When you reach the line that has "Ink, watercolor and" in the material below, reproduce it and each line after it exactly, through the last one.

STORED DATA —
::::
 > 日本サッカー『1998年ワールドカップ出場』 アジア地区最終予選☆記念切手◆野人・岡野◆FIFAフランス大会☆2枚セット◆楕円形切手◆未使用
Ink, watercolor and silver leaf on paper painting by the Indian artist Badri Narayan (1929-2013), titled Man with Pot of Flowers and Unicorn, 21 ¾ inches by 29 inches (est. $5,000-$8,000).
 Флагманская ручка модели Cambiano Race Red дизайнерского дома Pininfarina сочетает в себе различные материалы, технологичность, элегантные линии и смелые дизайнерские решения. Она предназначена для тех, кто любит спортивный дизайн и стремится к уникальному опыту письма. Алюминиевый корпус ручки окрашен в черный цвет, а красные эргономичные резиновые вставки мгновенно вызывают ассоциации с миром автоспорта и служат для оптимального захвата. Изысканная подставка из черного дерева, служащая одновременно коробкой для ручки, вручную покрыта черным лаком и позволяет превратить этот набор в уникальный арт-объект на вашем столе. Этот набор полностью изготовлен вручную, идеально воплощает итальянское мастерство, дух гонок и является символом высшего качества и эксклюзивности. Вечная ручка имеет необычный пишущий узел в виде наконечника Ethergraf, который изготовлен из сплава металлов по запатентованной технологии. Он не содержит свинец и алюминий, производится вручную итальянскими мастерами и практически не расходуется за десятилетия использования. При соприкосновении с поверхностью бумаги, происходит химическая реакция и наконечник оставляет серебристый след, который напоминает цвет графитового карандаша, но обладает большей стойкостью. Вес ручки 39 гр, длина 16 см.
::::
THE COMPLETED TASK —
Ink, watercolor and silver leaf on paper painting by the Indian artist Badri Narayan (1929-2013), titled Man with Pot of Flowers and Unicorn, 21 ¾ inches by 29 inches (est. $5,000-$8,000).
 Флагманская ручка модели Cambiano Race Red дизайнерского дома Pininfarina сочетает в себе различные материалы, технологичность, элегантные линии и смелые дизайнерские решения. Она предназначена для тех, кто любит спортивный дизайн и стремится к уникальному опыту письма. Алюминиевый корпус ручки окрашен в черный цвет, а красные эргономичные резиновые вставки мгновенно вызывают ассоциации с миром автоспорта и служат для оптимального захвата. Изысканная подставка из черного дерева, служащая одновременно коробкой для ручки, вручную покрыта черным лаком и позволяет превратить этот набор в уникальный арт-объект на вашем столе. Этот набор полностью изготовлен вручную, идеально воплощает итальянское мастерство, дух гонок и является символом высшего качества и эксклюзивности. Вечная ручка имеет необычный пишущий узел в виде наконечника Ethergraf, который изготовлен из сплава металлов по запатентованной технологии. Он не содержит свинец и алюминий, производится вручную итальянскими мастерами и практически не расходуется за десятилетия использования. При соприкосновении с поверхностью бумаги, происходит химическая реакция и наконечник оставляет серебристый след, который напоминает цвет графитового карандаша, но обладает большей стойкостью. Вес ручки 39 гр, длина 16 см.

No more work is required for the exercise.